To quantify the number of pyknotic nuclei, HMC on coverslips were washed once with PBS and fixed for 20 min with freshly-prepared 3.7% formaldehyde/20% sucrose in PBS. After washing twice with PBS the HMC were stained with 5 μg/ml Hoechst 33342 (Molecular Probes, Eugene OR) and mounted in Slow Fade Light (Molecular Probes). Using a Nikon Diaphot microscope, the number of pyknotic nuclei were counted and expressed as a percentage of the total number of nuclei counted (n = >300 nuclei per condition).
DNA fragmentation was assessed by measuring release of nucleosomal fragments into the cytosol (Cell Death Detection ELISA Plus, Roche). Briefly, HMC in 24-well plates were centrifuged in situ for 10 min at 200 × g and the supernatant gently removed. The monolayer was incubated in lysis buffer for 30 min at room temperature and centrifuged again at 200 × g. The supernatant (i.e., cytosolic fraction) was assayed immediately for nucleosomal fragments.
Enzymatic assay of caspase 9 in HMC
HMC treated with FFA were lysed (20 mM Tris, pH 7.5, 150 mM NaCl, 1.0% Triton X-100) and frozen at -40°C. Equivalent amounts of total HMC protein were added to buffer containing the LEHD caspase 9 peptide substrate linked to a cleavable luciferase substrate, aminoluciferin (Promega). The amount of light produced in a coupled reaction with luciferase was measured once every hour for 3 hours in a Berthold Luminometer. Experiments with increasing amounts of cell protein confirmed that the assay was in the linear range under the conditions described.
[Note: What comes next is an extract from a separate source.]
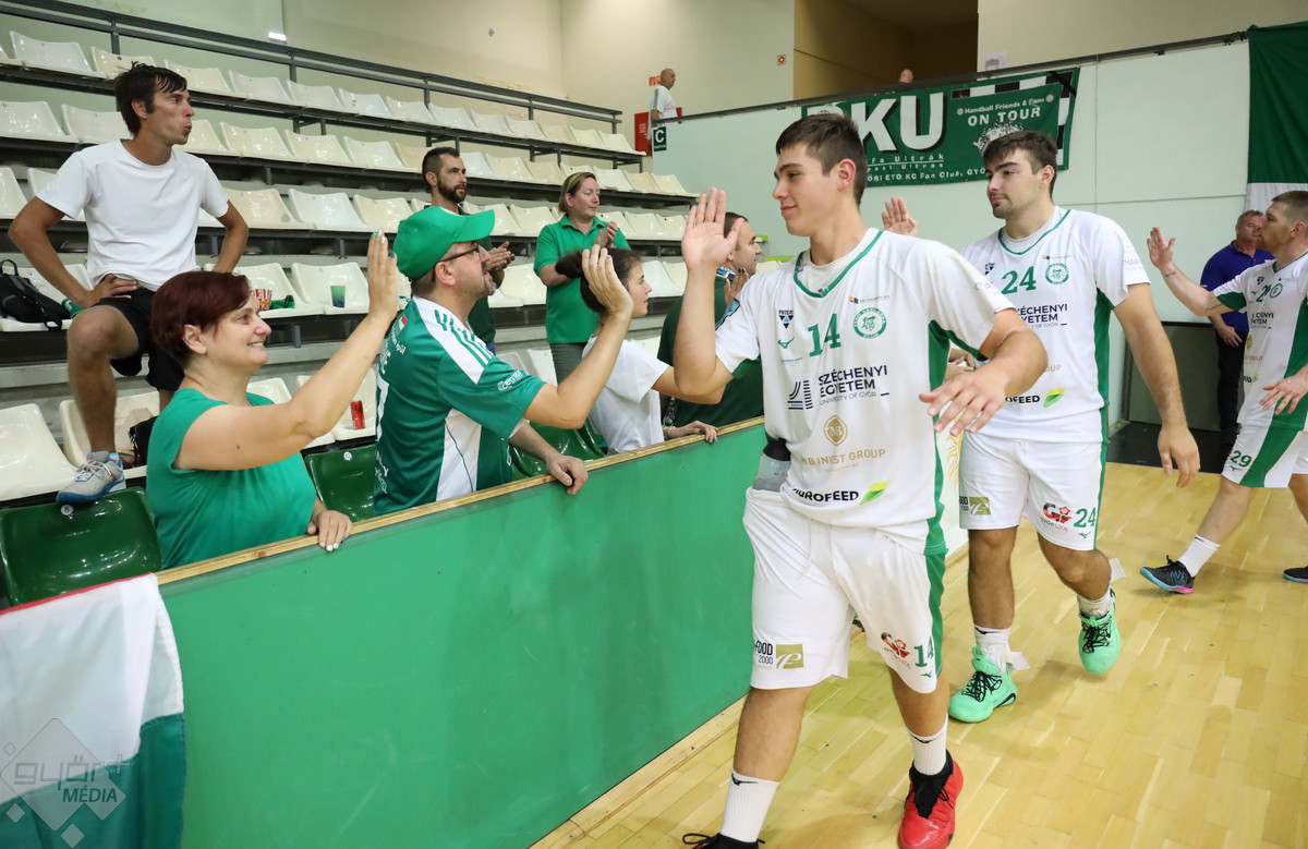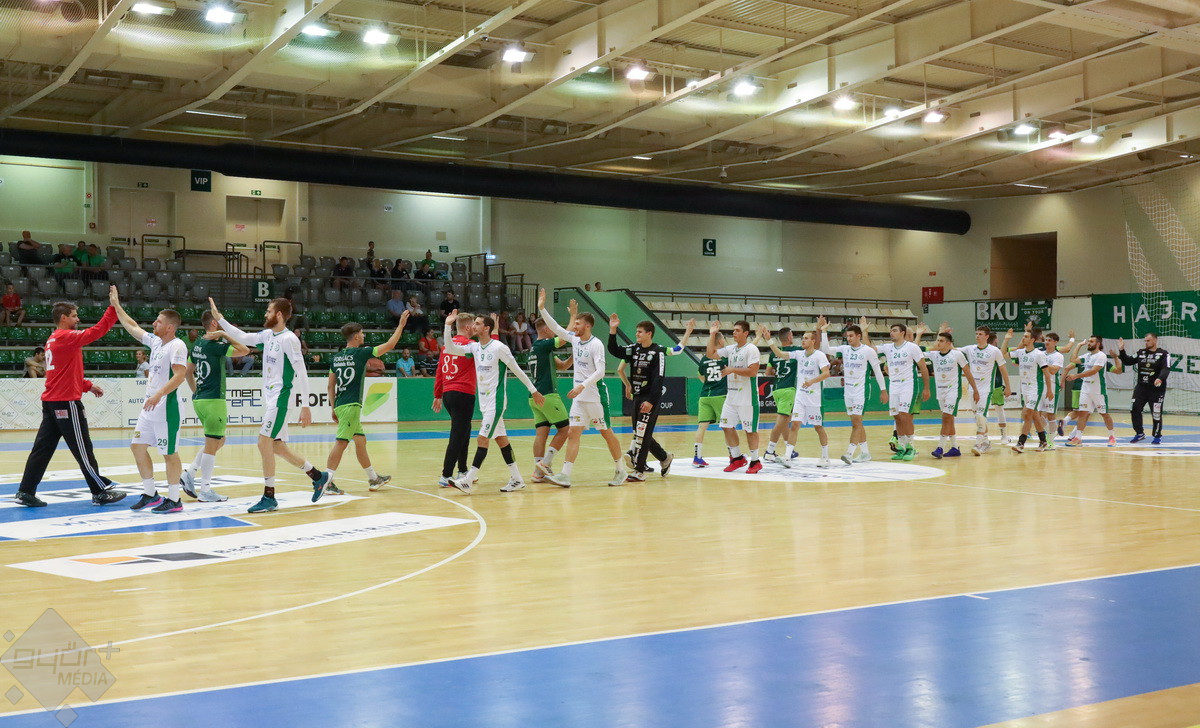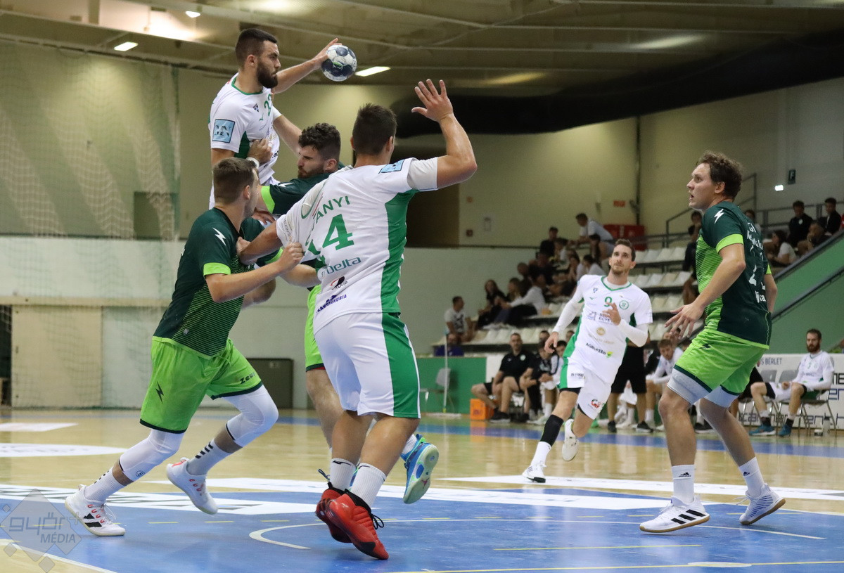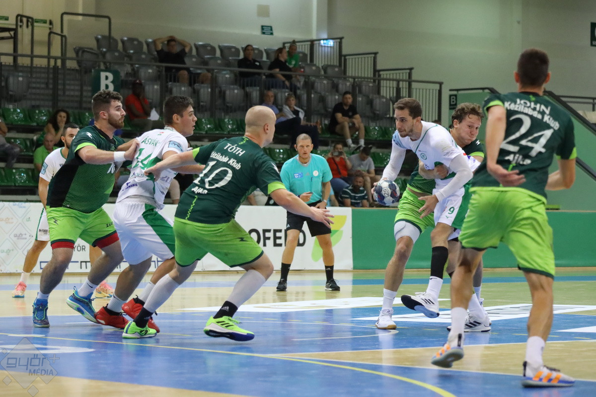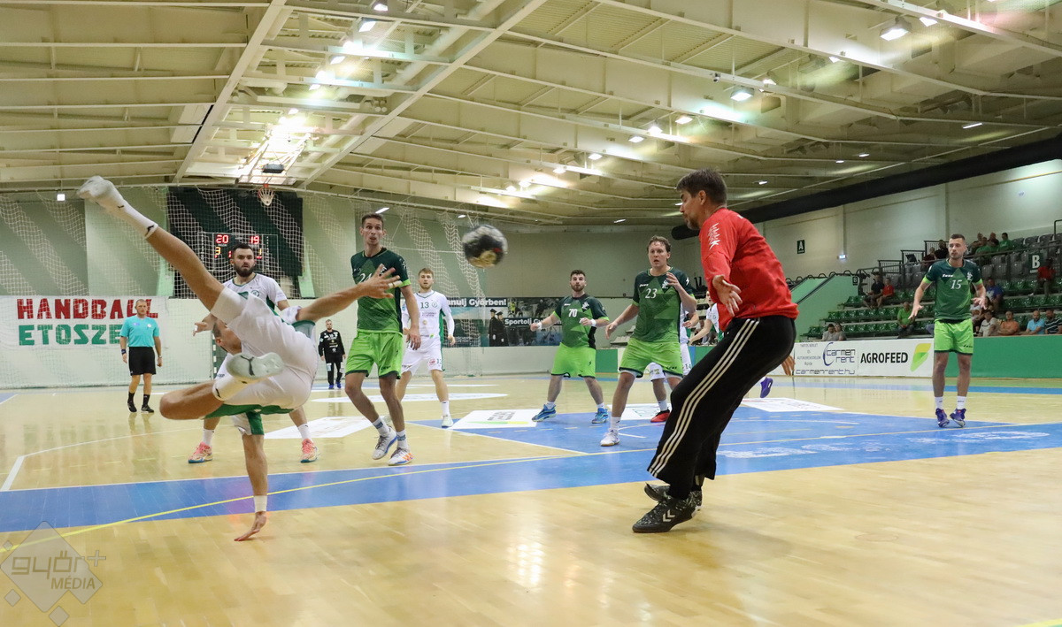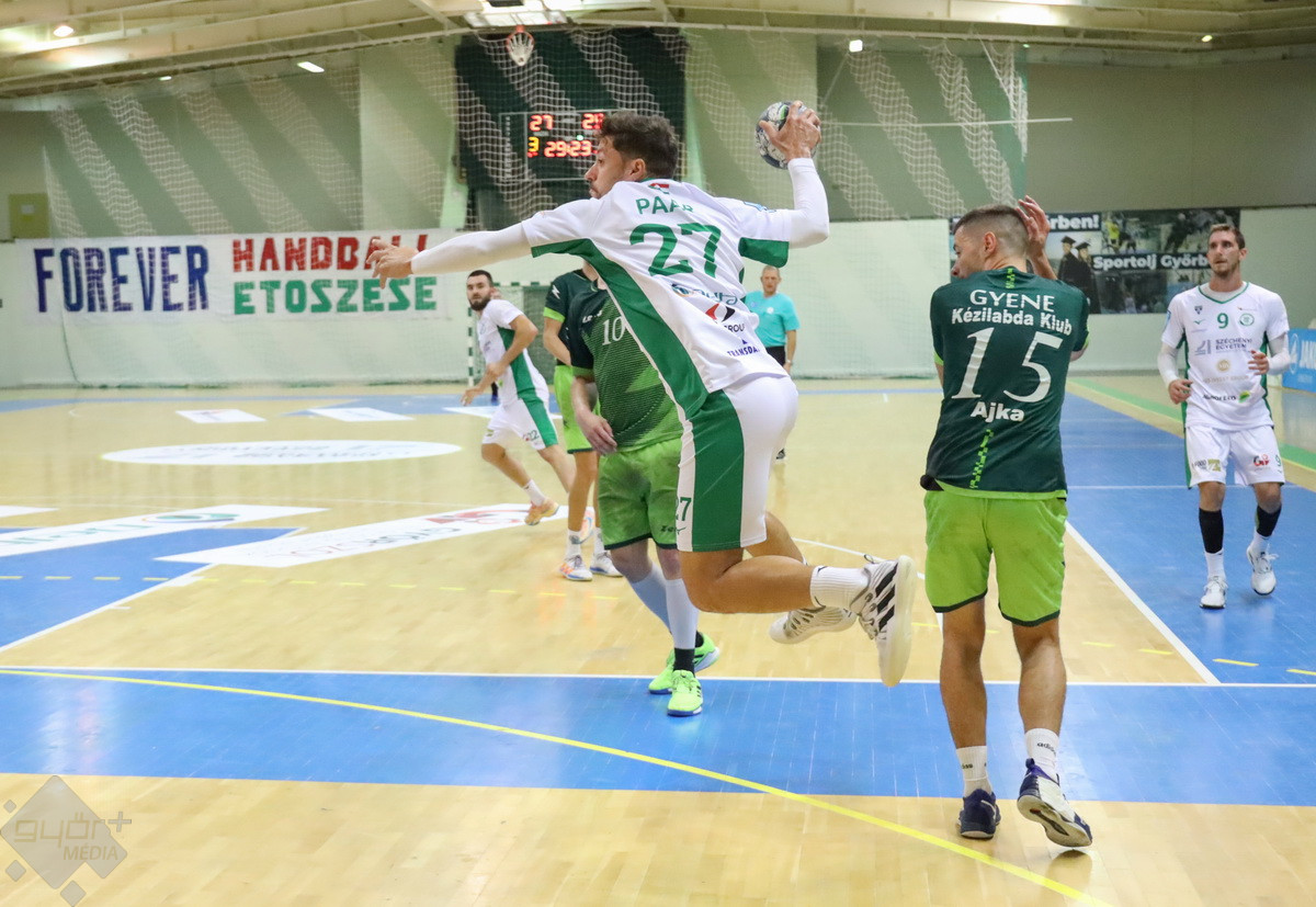 A szezon kezdete előtt a feljutást célul kitűző zöld-fehérek Koncz András találatával szerezték meg a vezetést a második percben, s ezt követően végig vezetve diadalmaskodtak egy rendkívül kiegyenlített, küzdelmes találkozón. A félidőben 14-13-at mutatott az eredményjelző a hazaiak javára. A két együttes a második félidőben is kiegyenlített küzdelmet vívott, de a győriek végig kontrollálták az összecsapást, egyszer sem engedték ki a kezükből a vezetést.

Measurements of cytochrome -c and endonuclease G redistribution
To analyze cytochrome-c redistribution in HMC treated with FFA, cells were fractionated into cytosol and membrane fractions using 0.05% digitonin in an isotonic sucrose buffer exactly as described by Dong and coworkers . Because cytochrome-c release occurs mostly from mitochondria, Western blot analysis of cytosol and membrane fractions is expected to reflect cytochrome-c translocation from mitochondria to the cytoplasm. In separate experiments, the same protocol was used to assess release into the cytoplasm of endonuclease G.